DATA SEGMENT:
===

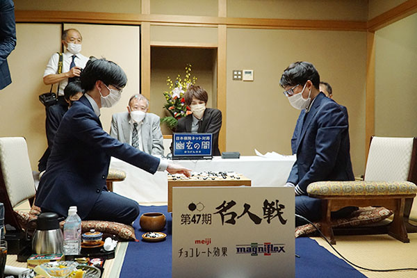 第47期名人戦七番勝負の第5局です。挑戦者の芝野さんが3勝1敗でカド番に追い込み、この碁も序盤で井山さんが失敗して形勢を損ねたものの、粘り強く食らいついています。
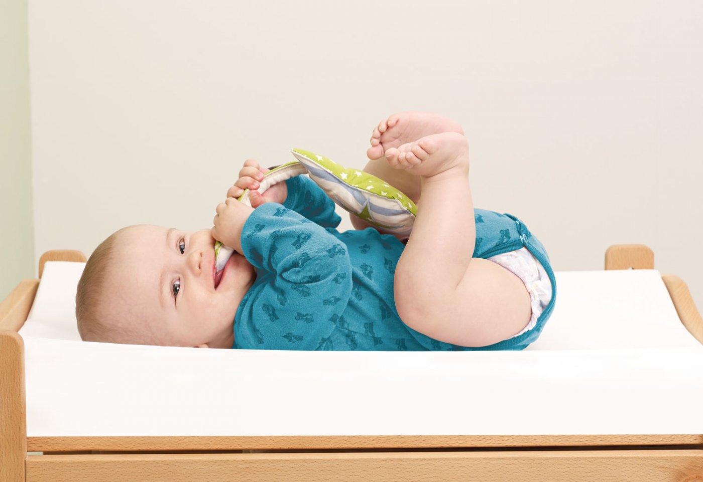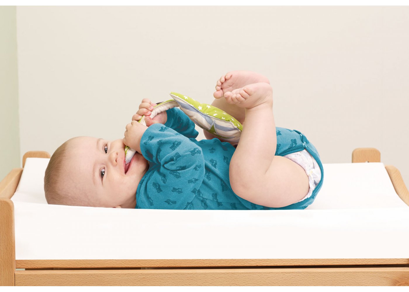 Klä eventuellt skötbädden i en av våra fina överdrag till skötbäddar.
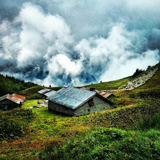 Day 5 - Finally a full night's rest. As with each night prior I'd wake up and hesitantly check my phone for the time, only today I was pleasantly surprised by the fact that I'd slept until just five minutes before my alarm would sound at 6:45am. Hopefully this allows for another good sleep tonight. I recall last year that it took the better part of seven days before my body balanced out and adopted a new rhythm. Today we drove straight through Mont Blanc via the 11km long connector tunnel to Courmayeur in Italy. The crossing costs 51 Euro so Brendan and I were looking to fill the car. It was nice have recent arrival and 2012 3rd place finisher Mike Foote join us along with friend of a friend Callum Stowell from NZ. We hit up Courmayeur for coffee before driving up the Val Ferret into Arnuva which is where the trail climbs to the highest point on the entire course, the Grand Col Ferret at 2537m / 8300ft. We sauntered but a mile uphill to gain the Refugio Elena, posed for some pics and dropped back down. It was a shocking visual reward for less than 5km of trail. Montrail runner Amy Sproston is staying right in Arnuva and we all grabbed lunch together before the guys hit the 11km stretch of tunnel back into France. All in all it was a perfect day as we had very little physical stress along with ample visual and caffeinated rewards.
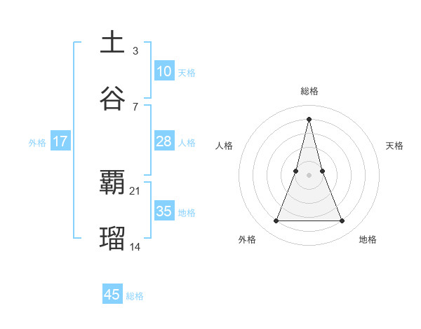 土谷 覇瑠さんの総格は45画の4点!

===

TASK DIRECTIONS: Leaving out the images, repeat the listing above exactly.

ANSWER TO THIS TASK:
 第47期名人戦七番勝負の第5局です。挑戦者の芝野さんが3勝1敗でカド番に追い込み、この碁も序盤で井山さんが失敗して形勢を損ねたものの、粘り強く食らいついています。
 Klä eventuellt skötbädden i en av våra fina överdrag till skötbäddar.
 Day 5 - Finally a full night's rest. As with each night prior I'd wake up and hesitantly check my phone for the time, only today I was pleasantly surprised by the fact that I'd slept until just five minutes before my alarm would sound at 6:45am. Hopefully this allows for another good sleep tonight. I recall last year that it took the better part of seven days before my body balanced out and adopted a new rhythm. Today we drove straight through Mont Blanc via the 11km long connector tunnel to Courmayeur in Italy. The crossing costs 51 Euro so Brendan and I were looking to fill the car. It was nice have recent arrival and 2012 3rd place finisher Mike Foote join us along with friend of a friend Callum Stowell from NZ. We hit up Courmayeur for coffee before driving up the Val Ferret into Arnuva which is where the trail climbs to the highest point on the entire course, the Grand Col Ferret at 2537m / 8300ft. We sauntered but a mile uphill to gain the Refugio Elena, posed for some pics and dropped back down. It was a shocking visual reward for less than 5km of trail. Montrail runner Amy Sproston is staying right in Arnuva and we all grabbed lunch together before the guys hit the 11km stretch of tunnel back into France. All in all it was a perfect day as we had very little physical stress along with ample visual and caffeinated rewards.
 土谷 覇瑠さんの総格は45画の4点!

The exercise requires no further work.